Normally when you hear a kiwi accent in London it’s because it’s a friend, so you smile and go in for the hug. This becomes massively awkward when you are with 800 New Zealand runaways and you start hugging strangers at the bar. But then let’s be honest, because we were all kiwis a surprise tackle hug was always welcomed.

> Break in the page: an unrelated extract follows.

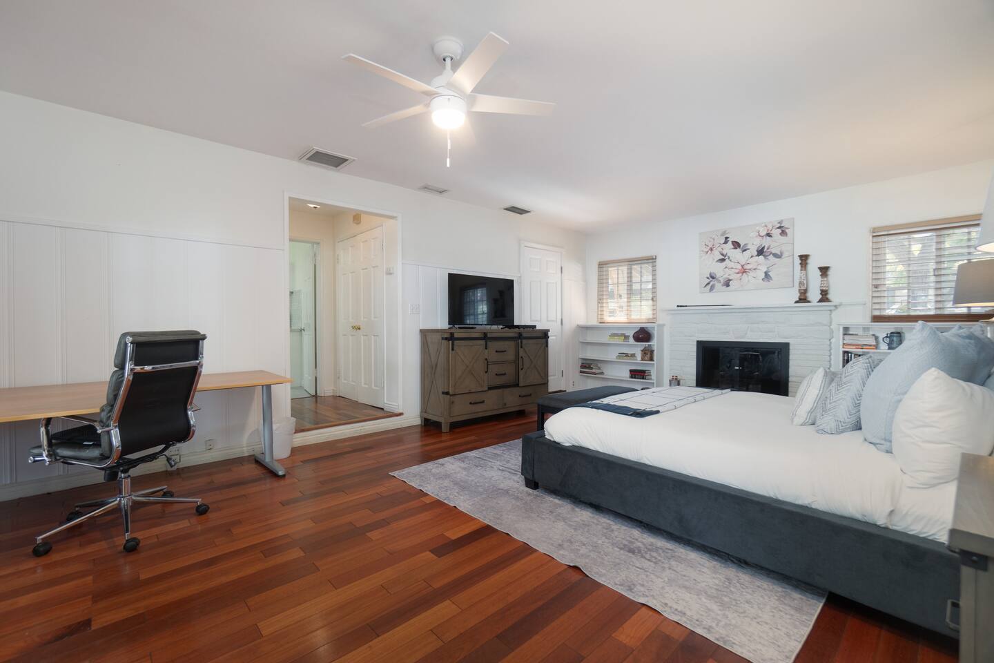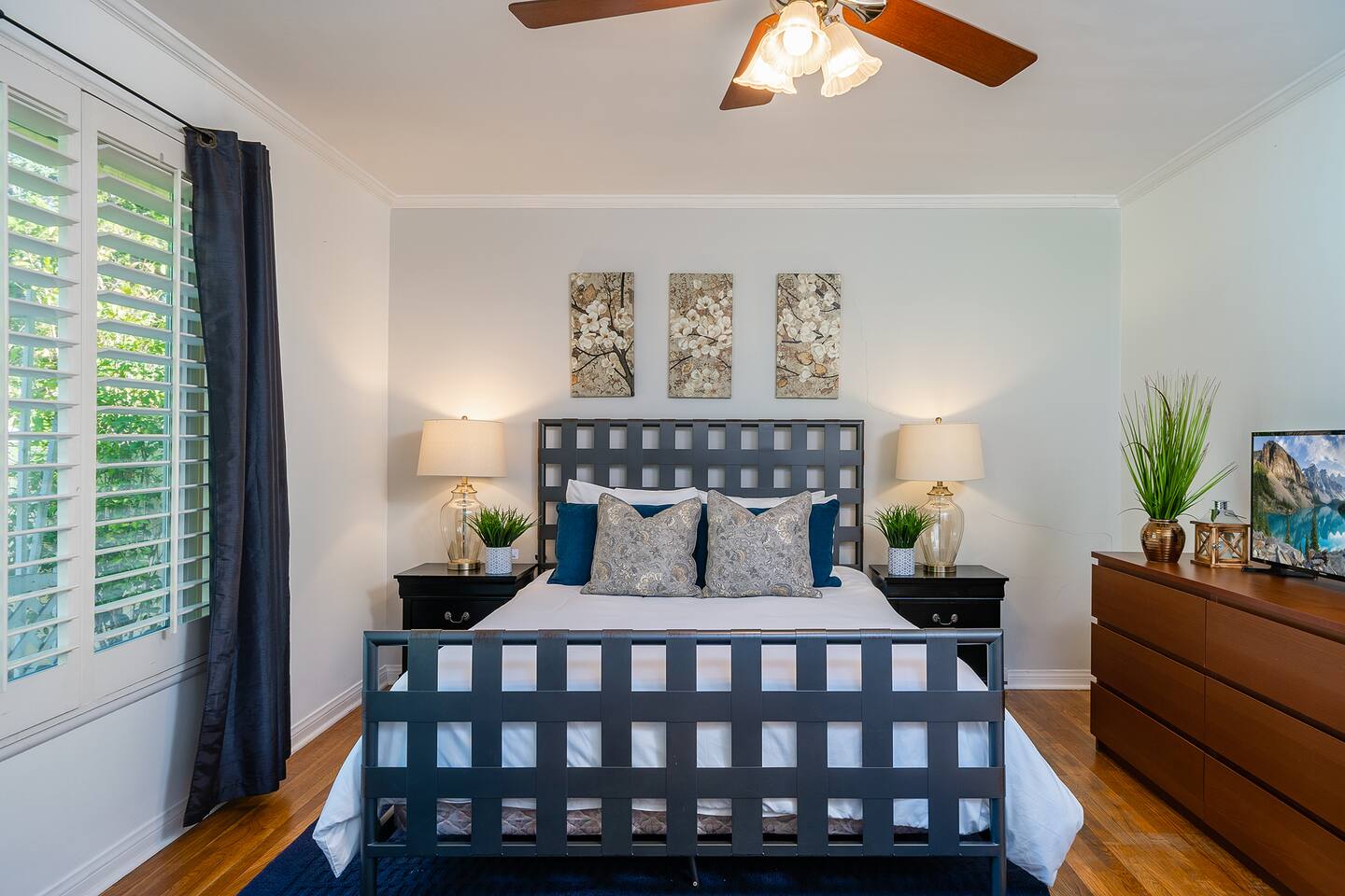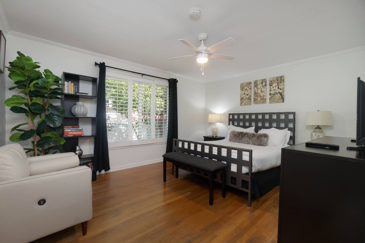 Enjoy relaxing in this stunning 4-bedroom home with newer furniture, Tesla charger, and located close to the best of what L.A offers. The Primary retreat has a beautiful new bedroom set, smart TV, fireplace, desk, and an attached bathroom. The additional three bedrooms are also beautifully designed with new furniture and large beds. This is a very comfortable family home in a really wonderful neighborhood. I highly recommend this listing. Near Universal Studios and to Freeway access.

5. You actually know everyone

Well maybe not everyone, but you know you are amongst your tribe when someone spots their old babysitter on the D-floor and the girl you meet on the tube knows your sisters ex-boyfriend. Oh kiwi land, you couldn’t get any smaller.

 

6. Pies make you cry

Now I am not a big night clubber or gig person, but if I knew that venues had kiwi pie warmers I might just find myself a new hobby. At 4 in the afternoon I found myself running across a disco light up dance floor to be first in line for a steak and cheese pie. Covered in tomato sauce it was mana from heaven.IMG_0036

7. It is an amazing way to feel a little bit at home in London

For old cynical me there was a moment, a moment when my Grinch heart grew three sizes. To see a dance floor packed full of Kiwi orphans singing their hearts out to ‘All I want for Christmas is you’. No you might not know anyone there, but something about knowing that they are your tribe just fills you full of goodness.